- _TASK BRIEF_: Your reply should be an exact copy of every entry, with the pictures removed.

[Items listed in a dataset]
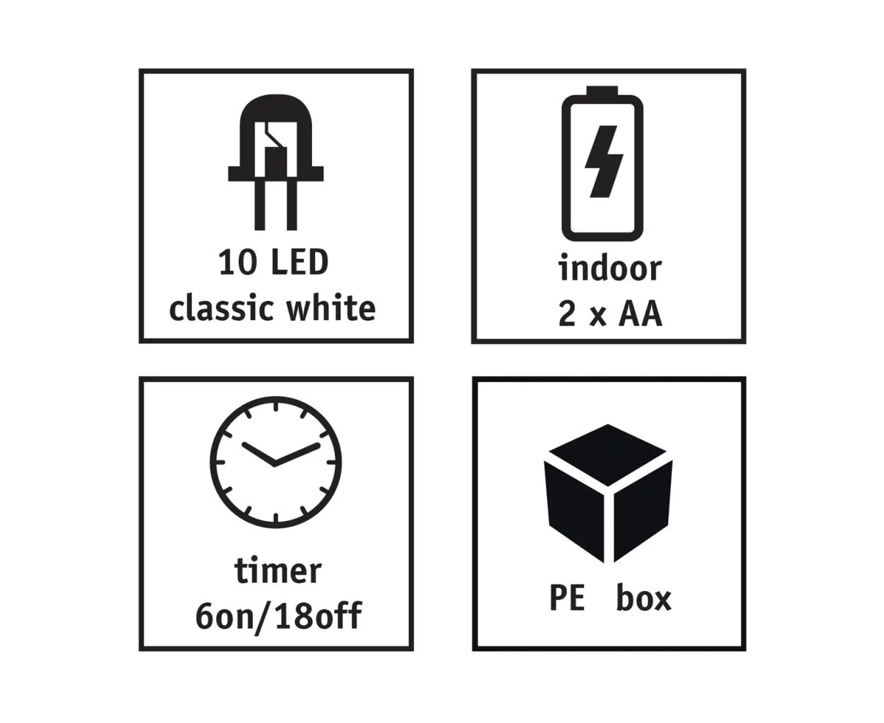 Описание Гирлянда Luca Lighting Ялинка, струна, 1,3 м, класична біла, 10 LED 2AA, таймер (8720967822867)
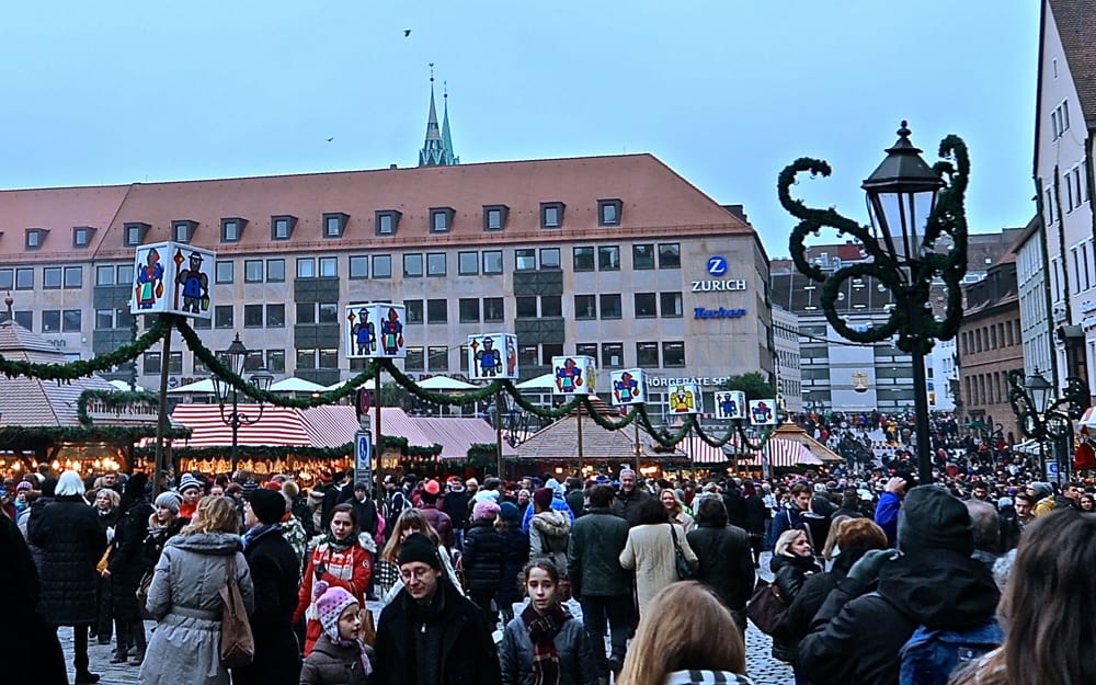 In Nuremberg, we strolled through jam-packed Christmas markets on a Saturday afternoon. Amid centuries old architecture were booths full of shiny tree ornaments, hand-crafted gifts, every kind of holiday treat imaginable and more. It was wall-to-wall people and a crowd of visitors the size of which we would have avoided at all costs at home.
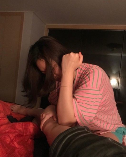 공개된 사진 속 김연지는 팔꿈치로 유상무의 다리를 누르며 마사지를 하고 있다. 남편을 위해 열심히 마사지 하는 김연지의 모습이 훈훈함을 자아낸다.
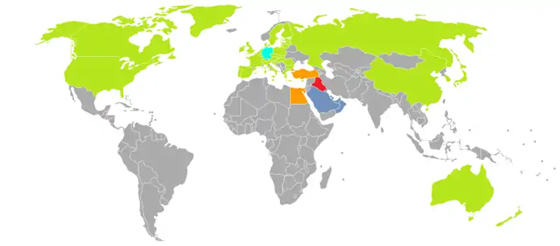 In accordance with Iraqi law, citizens of most countries require a visa to visit Iraq.[1] However, visitors from certain countries are given a visa on arrival in select airports and certain countries are banned from entering Iraq.[2]
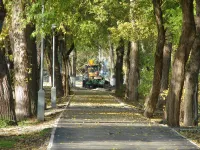 Асфальтировка идет в настоящий момент от остановки "Фабрика-Кухня" в сторону школы №17.

- _FINISHED TASK_:
 Описание Гирлянда Luca Lighting Ялинка, струна, 1,3 м, класична біла, 10 LED 2AA, таймер (8720967822867)
 In Nuremberg, we strolled through jam-packed Christmas markets on a Saturday afternoon. Amid centuries old architecture were booths full of shiny tree ornaments, hand-crafted gifts, every kind of holiday treat imaginable and more. It was wall-to-wall people and a crowd of visitors the size of which we would have avoided at all costs at home.
 공개된 사진 속 김연지는 팔꿈치로 유상무의 다리를 누르며 마사지를 하고 있다. 남편을 위해 열심히 마사지 하는 김연지의 모습이 훈훈함을 자아낸다.
 In accordance with Iraqi law, citizens of most countries require a visa to visit Iraq.[1] However, visitors from certain countries are given a visa on arrival in select airports and certain countries are banned from entering Iraq.[2]
 Асфальтировка идет в настоящий момент от остановки "Фабрика-Кухня" в сторону школы №17.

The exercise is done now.